Niby tak, ale... Nie znajdzie w takiej cenie, bo firmy mają rabaty itd- nie zagłębiajmy się. Tylko że- ja bym wolał mieć ten, nie wiem, np 80 zł więcej niż kartę multi. Na co mi ona? Mi zbędna jest. A 80 zł mógłbym sobie odłożyć.

Co kto woli i lubi.

Odnośnik do komentarza
Gość MitnickMike
10 minut temu, tio napisał:

Gdyby pracownicy tak bardzo woleli kasę od świadczeń niepieniężnych to przecież nikt nie zawracałby sobie głowy tymi świadczeniami. One są korzystne dla pracownika i pracodawcy. Wyobraźcie sobie matkę z dziećmi w wieku przedszkolnym (gdzie oczywiście ma problem ze znalezieniem przedszkola), która ma do wyboru dwie podobne oferty pracy: jedną za 4000 zł na rękę a drugą za 3500 zł na rękę ale z darmowym przedszkolem dla dzieci? Często też świadczenia pozapłacowe są korzystniejsze jeśli chodzi o składki i zaliczki.

 

Pokaż mi taką ofertę. Czy znowu fantazjujesz? :) Praca dla matki z dzieckiem za 4000zł. Gdzie? :) Jako kto?
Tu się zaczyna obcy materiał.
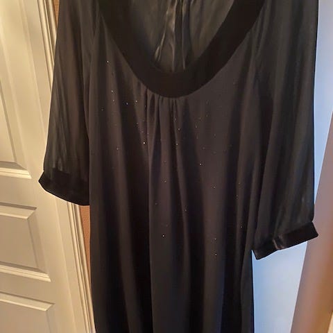Pent brukt kjole. Svart med perler i hals. Nydelig mønster i øvre del. Behagelig og god kjole. Str. 44/14.
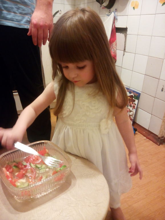 Папа на работе. Овощи сварены. Но почистить и приготовить салаты я не могу, Мишутка с утра с рук не слезал! Не знаю, что с ним такое)) В итоге - решила не нервничать, ждать папу с работы, а потом спокойно все делать)
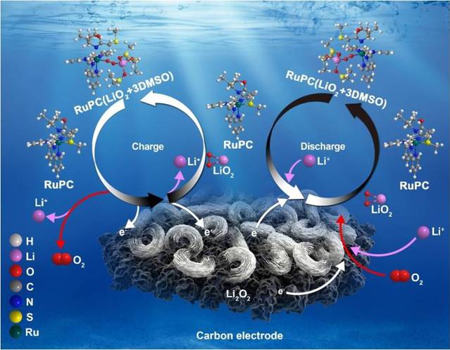 锂空电池分别使用空气中的氧气和金属锂作为正负极活性材料,具有极高的能量密度。但是,这一体系尚不能实现商业化的应用,其中一些关键问题未能解决。由于其正极活性材料是气体,使得电化学反应涉及气-液-固三相界面,电极过程十分复杂。与其它二次电池相比,空气电极需要考虑结构因素和催化因素。不仅要改善氧气电化学反应的动力学迟缓问题,还要考虑放电产物的驻留空间问题。董全峰教授课题组在前期开展了基于空气电极固相表面电催化研究,并结合电极结构方面的问题,构筑了有利于氧气发生反应的仿生开放式结构电极(Adv. Energy Mater.,2018, 8, 1800089; Energy Environ. Sci., 2012, 5, 9765–9768; ACS Catal.,2018, 8, 7983-7990)。

Umowa na pełen etat? Bo chyba "pierdolish" ciut w tym momencie. Świadczenia niepieniężne wymyślili pracodawcy a nie pracownicy.

Odnośnik do komentarza
34 minuty temu, MitnickMike napisał:

Jak nie masz na karku kredytu to możesz sobie pozwolić na eksperymenty z branżami.

Dla chcącego nic trudnego :P Wiem z doświadczenia. Jakby nie patrzeć ledwo zmieniłem pracę a zaczęła się budowa. Popracowałem moment i od lipca nowa robota. Niby obszar ten sam, ale jednak nowy dział, miejsce itd.

Trzeba być tylko ogarniętym i pewnym swego.

Odnośnik do komentarza
Gość MitnickMike
2 minuty temu, Makk napisał:

Dla chcącego nic trudnego :P Wiem z doświadczenia. Jakby nie patrzeć ledwo zmieniłem pracę a zaczęła się budowa. Popracowałem moment i od lipca nowa robota. Niby obszar ten sam, ale jednak nowy dział, miejsce itd.

Trzeba być tylko ogarniętym i pewnym swego.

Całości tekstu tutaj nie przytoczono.